To do that the method datafusiontools._core.utils.CreateInputsML.split_train_test_data().
In the following code snippet this procedure is shown.
create_features.split_train_test_data()
training_data = create_features.get_features_train(flatten=False)
target_data = create_features.get_targets_train(flatten=False)
validation_training = create_features.get_features_test(flatten=False)
validation_target = create_features.get_targets_test(flatten=False)
The user can also extract the feature names after defining all the testing and training data.
feature_names = create_features.get_feature_names()
In this case the model used for training is a simple NN model.
This can be initialized by using the datafusiontools.machine_learning.mpl.MPL class.
nn = MPL(
classification=False,
nb_hidden_layers=2,
nb_neurons=[28, 14],
activation_fct=class_enums.ActivationFunctions.relu,
optimizer=class_enums.Optimizer.Adam,
loss=class_enums.LossFunctions.mean_squared_error,
epochs=50,
batch=1,
regularisation=0,
feature_names=feature_names,
)
nn.train(
training_data,
target_data,
)
Let’s now evaluate the training of the data. The cost function can simply
be plotted by using the plot_cost_function().
Another way to look at the performance of the NN model is to plot the 1:1 plot using the testing data we reserved. This is implemented as a method in the DataFusionTools package. Note that the path is defined by using the pathlib package.
nn.predict(validation_training)
nn.plot_fitted_line(
validation_target, Path("test_tutorial")
)
nn.plot_cost_function(Path("test_tutorial"))
In the plot bellow we can see how the model performed.
Finally, we can also plot the IC vs the depth of the CPT, for that purpose the last 50 points can be plotted.

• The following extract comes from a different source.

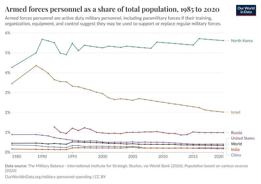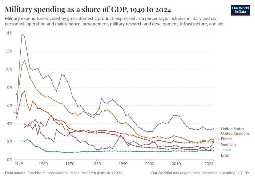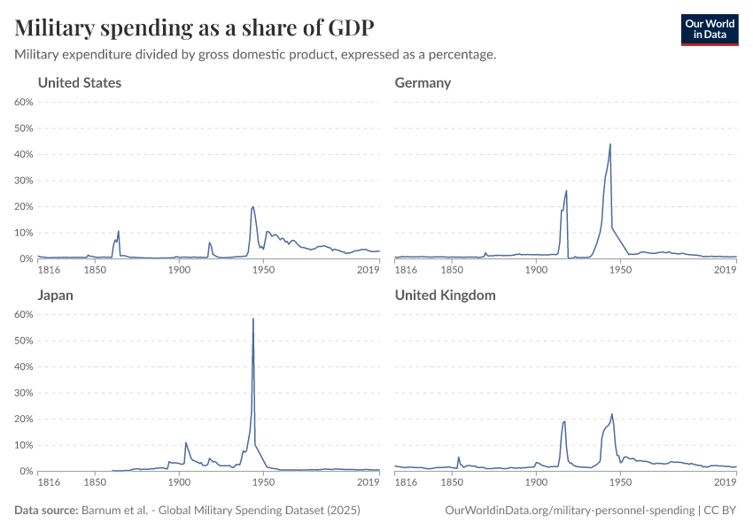 Esteban Ortiz-Ospina (2018) - “Long-run trends in military spending and personnel: four key facts from new data” Published online at OurWorldinData.org. Retrieved from: 'https://data-measles-pipeline-fix.owid.pages.dev:8789/20260202-181317/military-long-run-spending-perspective.html' [Online Resource] (archived on February 2, 2026).BibTeX citation

# extract last cpt data for testing
plt.clf()
plt.plot(nn.prediction[:1000], validation_training.T[1][:1000])
plt.plot(validation_target[:1000], validation_training.T[1][:1000])
# plot 1/1 line
plt.xlabel("IC")
plt.ylabel("depth")
plt.savefig(Path("test_tutorial", "comparison_depth.png"))
plt.close()
In the plot bellow we can see how the plot performed.

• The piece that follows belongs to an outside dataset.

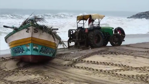 டிராக்டர்கள் உதவி கொண்டு படகுகளை கரையேற்றும் மீனவர்கள்

To explain the contribution of each input to the output of the model, the user can use the SHAP (SHapley Additive exPlanation) value as a metric of the feature importance. The Shapley value is the average of the marginal contributions across all permutations. In this pythonmodule we use the shap python module , to produce feature importance graphs.
To do that the user can use method plot_feature_importance().
An example of how this function is called is show bellow.
nn.plot_feature_importance(
validation_training, Path("test_tutorial")
)
In the plot bellow we can see how the plot performed.
The plot contains a lot of information. Firstly, negative and positive relationships with the target variable are shown in the figure. Each dot represent the one input in the neural network.
Feature importance: Variables are ranked in descending order.
Impact: The horizontal location shows whether the effect of that value is associated with a higher or lower prediction.
Original value: Color shows whether that variable is high (in red) or low (in blue) for that observation.
Correlation: A high level of the “depth” content has a high and negative impact on the quality rating. The “high” comes from the red color, and the negative impact is shown on the X-axis.